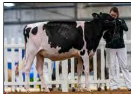
UBERCREST ANALYST MORGAN DAUGHTER OF LOT 63
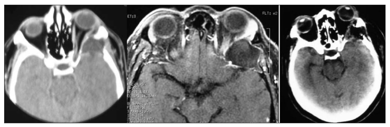
Figure 2: A. Preoperative axial CT scan showed marked erosion over the greater wing of left sphenoid bone due to temporal arachnoid cyst, B. Gadolinium enhanced axial T1-weighted MR image revealed minimal peripheral rim enhancement, C. Postoperative axial CT scan showed the lodge after removal.
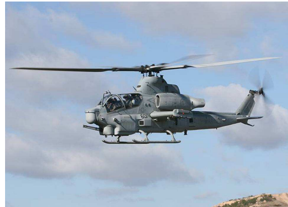
Fig. 10. The bell AH-1Z viper.

The U.S. Army is the primary operator of the AH-64, however, it has also become the primary attack helicopter of several nations it has been exported to, including Greece, Japan, Israel, the Netherlands and Singapore; as well as being produced under license in the United Kingdom as the Agusta Westland Apache. U.S. AH-64s have served in conflicts in Panama, Persian Gulf War, Kosovo War, Afghanistan and Iraq. Israel has made active use of the Apache in its military conflicts in Lebanon and Gaza Strip; while two coalition allies have deployed their AH-64s in Afghanistan and Iraq.
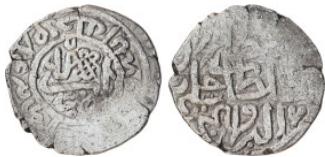
766 Islamic Coin, AR Dirham, (19 mm, 2.80 g).
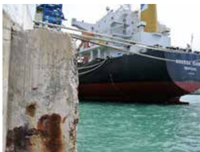
Chloride induced corrosion from sea water or de-icing salts

The most common causes of steel reinforcement corrosion in concrete are carbonation or chloride ingress with water. Understanding the root cause of this steel corrosion determines the most effective repair and protection strategy. Sika's Total Corrosion Management systems then provide flexibility and choices to select the best and most cost effective solutions.
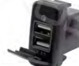
WNS-B02 Big Toyota QC3.0 Input: DC12-24V Output: 5V3.0A/9V2.0A/12V1.5A Material: ABS+Copper Size: 40*20*38mm
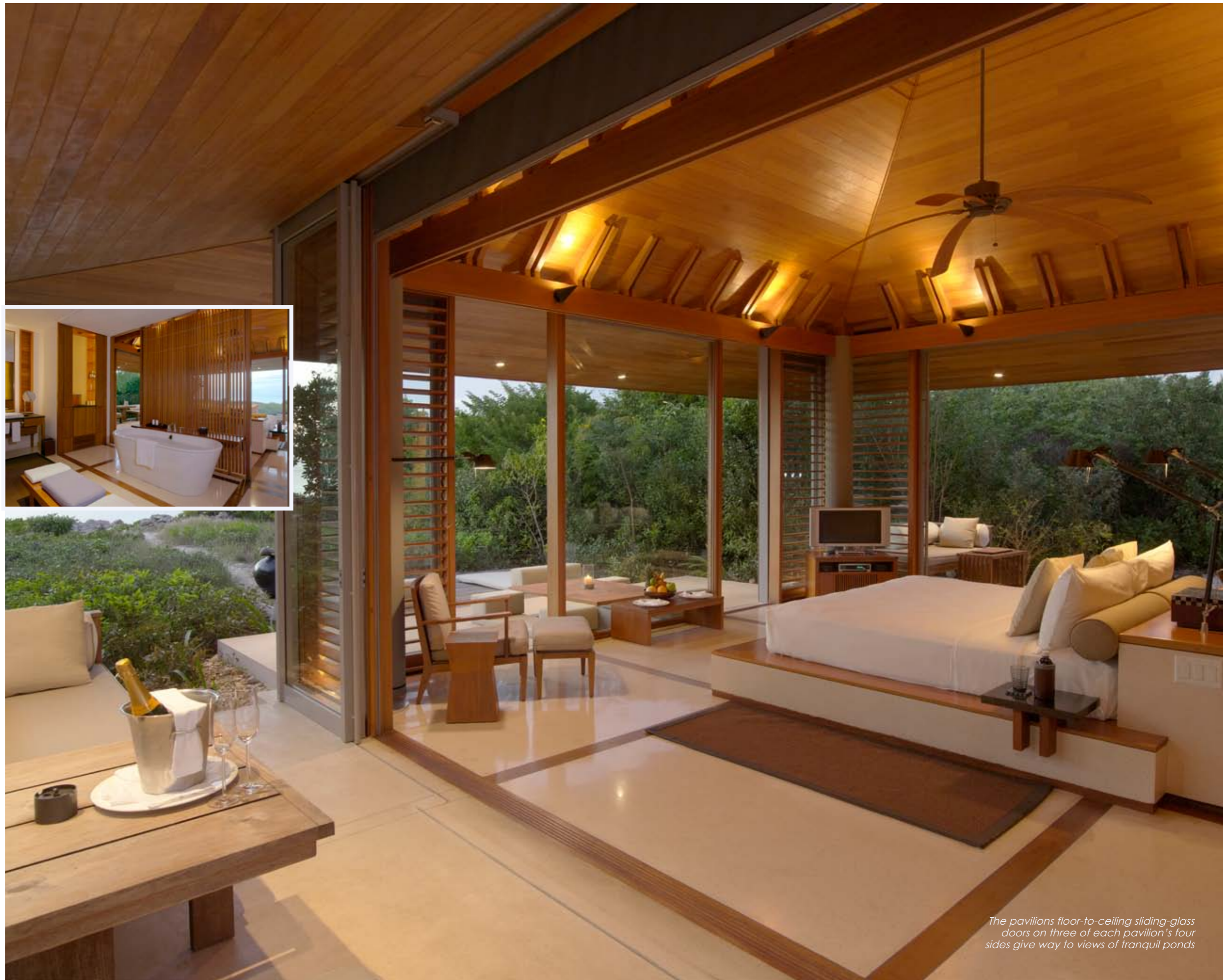
The pavilions floor-to-ceiling sliding-glass doors on three of each pavilion's four sides give way to views of tranquil ponds

Caribbean resort design was in danger of becoming rather predictable, that is until Amanyara and a few choice others came along. ■
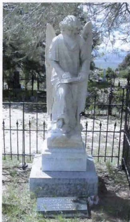
The above is the monument dedicated to Johana Shine , a Union Civil War Nurse (located in the cemetery west of the Town of Austin, Nevada, along US-50).
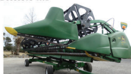
2006 JOHN DEERE 625F HYDRAFLEX - 2009 UNVERFERTH HT25 HEADER TRAILER
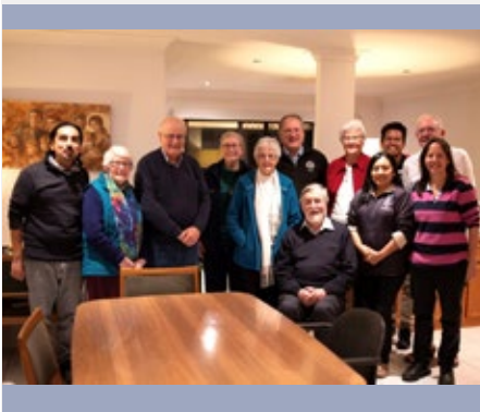
AUSTRALIA, MOUNT DRUITT

> **Work item**
Among the records above, locate the line containing "Chloride induced corrosion" and the line containing "WNS-B02 Big Toyota", then transcribe exactly the lines starting at the first and ending at the second, with no pictures.

> **Solution**
Chloride induced corrosion from sea water or de-icing salts

The most common causes of steel reinforcement corrosion in concrete are carbonation or chloride ingress with water. Understanding the root cause of this steel corrosion determines the most effective repair and protection strategy. Sika's Total Corrosion Management systems then provide flexibility and choices to select the best and most cost effective solutions.
WNS-B02 Big Toyota QC3.0 Input: DC12-24V Output: 5V3.0A/9V2.0A/12V1.5A Material: ABS+Copper Size: 40*20*38mm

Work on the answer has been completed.